Non-string Datatypes
Replacement is possible only on String field datatypes. If the field you name in the property is
not a String datatype, it will be silently ignored.
Host and URL specifc replacements.
If the replacements should apply only to specifc pages, then add a sequence like
hostmatch=/host match pattern/
fld1=/regexp/replace/flags
fld2=/regexp/replace/flags
or
urlmatch=/url match pattern/
fld1=/regexp/replace/flags
fld2=/regexp/replace/flags
When using Host and URL replacements, all replacements preceding the first hostmatch or urlmatch
will apply to all parsed pages. Replacements following a hostmatch or urlmatch will be applied
to pages which match the host or url field (up to the next hostmatch or urlmatch line). hostmatch
and urlmatch patterns must be unique in this property.
Plugin order
TBD... But in most cases you will want this plugin to run last.
Testing your match patterns
Online Regexp testers like http://www.regexplanet.com/advanced/java/index.html
can help get the basics of your pattern working.
To test in nutch:
Prepare a test HTML file with the field contents you want to test.
Place this in a directory accessible to nutch.
Use the file:/// syntax to list the test file(s) in a test/urls seed list.
See the nutch faq "index my local file system" for conf settings you will need.

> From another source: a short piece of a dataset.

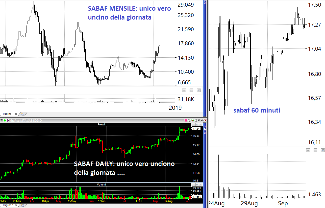SABAF: non è una azione della eletta schiera ma nemmeno appartiene al girone dell’inferno: il suo ROE dal 2014 al 2016 è stato rispettivamente di +7,53%, +8,10%, +8,10%. A livello di prospettive gode delle attese di ripresa del settore immobiliare. Il fair price calcolato con DCF rispecchia il prezzo di mercato ma il momentum è in accelerazione rispetto all’indice di mercato azionario italiano. Non è un titolo che abbiamo una capitalizzazione da meritare un buy (se lo dessimo lo ribalteremmo) ma sicuramente questo è il titolo che oggi consiglieremmo di acquistare perché sia il daily che il monthly sono veramente appetitosi: sul monthly uncino in corso, uncino anche sui daily ma soprattutto volumi monstre sul mensile.

(Note the urlmatch and hostmatch patterns may not conform to your test file host and url; This
test approach confirms only how your global matches behave, unless your urlmatch and hostmatch
patterns also match the file: URL pattern)
Run..
bin/nutch inject crawl/crawldb test
bin/nutch generate crawl/crawldb crawl/segments
bin/nutch fetch crawl/segments/[segment]
bin/nutch parse crawl/segments/[segment]
To inspect the returned fields...
bin/nutch readseg -dump crawl/segments/[segment] testout
less testout/dump
To retry: delete crawl/segments/[segment]/crawl_parse and repeat the parse and dump step.